- **Information**
*** Begin section ***

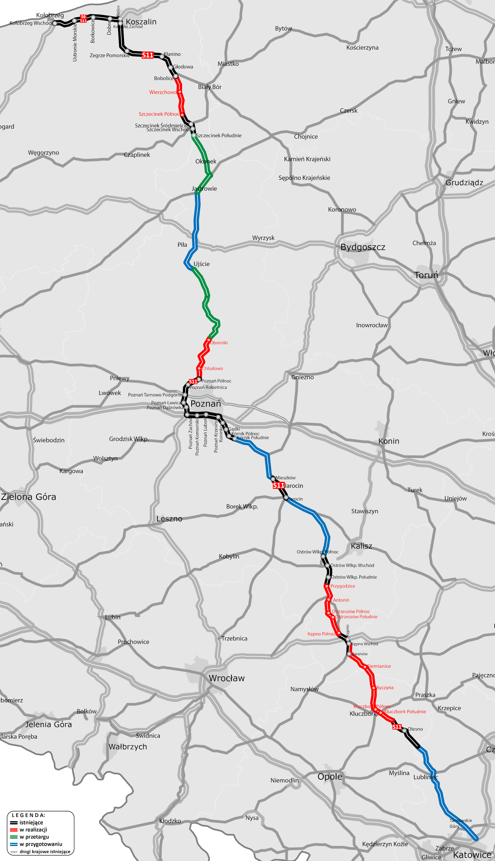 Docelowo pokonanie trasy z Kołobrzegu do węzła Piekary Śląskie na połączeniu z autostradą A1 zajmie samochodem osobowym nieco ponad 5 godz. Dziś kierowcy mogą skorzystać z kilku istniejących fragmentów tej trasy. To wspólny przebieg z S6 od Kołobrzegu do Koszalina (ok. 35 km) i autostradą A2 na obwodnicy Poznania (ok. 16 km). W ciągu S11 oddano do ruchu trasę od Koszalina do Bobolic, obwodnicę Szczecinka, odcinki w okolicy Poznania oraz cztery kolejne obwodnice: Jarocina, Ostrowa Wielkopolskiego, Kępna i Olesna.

*** End section ***
*** Begin section ***

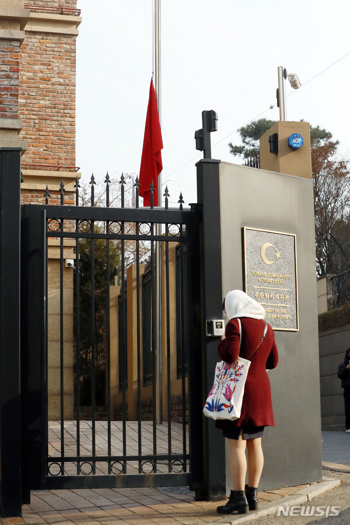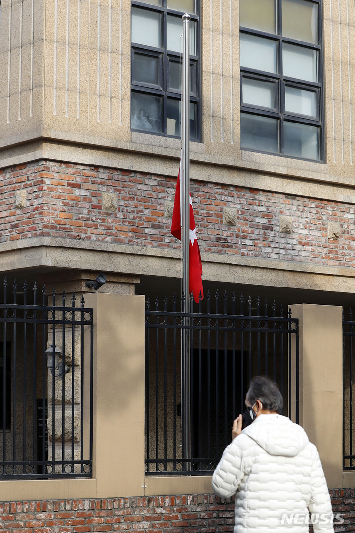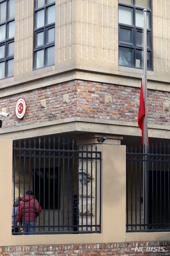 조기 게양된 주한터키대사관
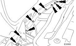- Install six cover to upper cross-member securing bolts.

*** End section ***

Starting at the line containing "조기 게양된 주한터키대사관" and stopping at the line containing "- Install six", output every line above exactly, both ends included, with pictures omitted.

- **Task result**
 조기 게양된 주한터키대사관
- Install six cover to upper cross-member securing bolts.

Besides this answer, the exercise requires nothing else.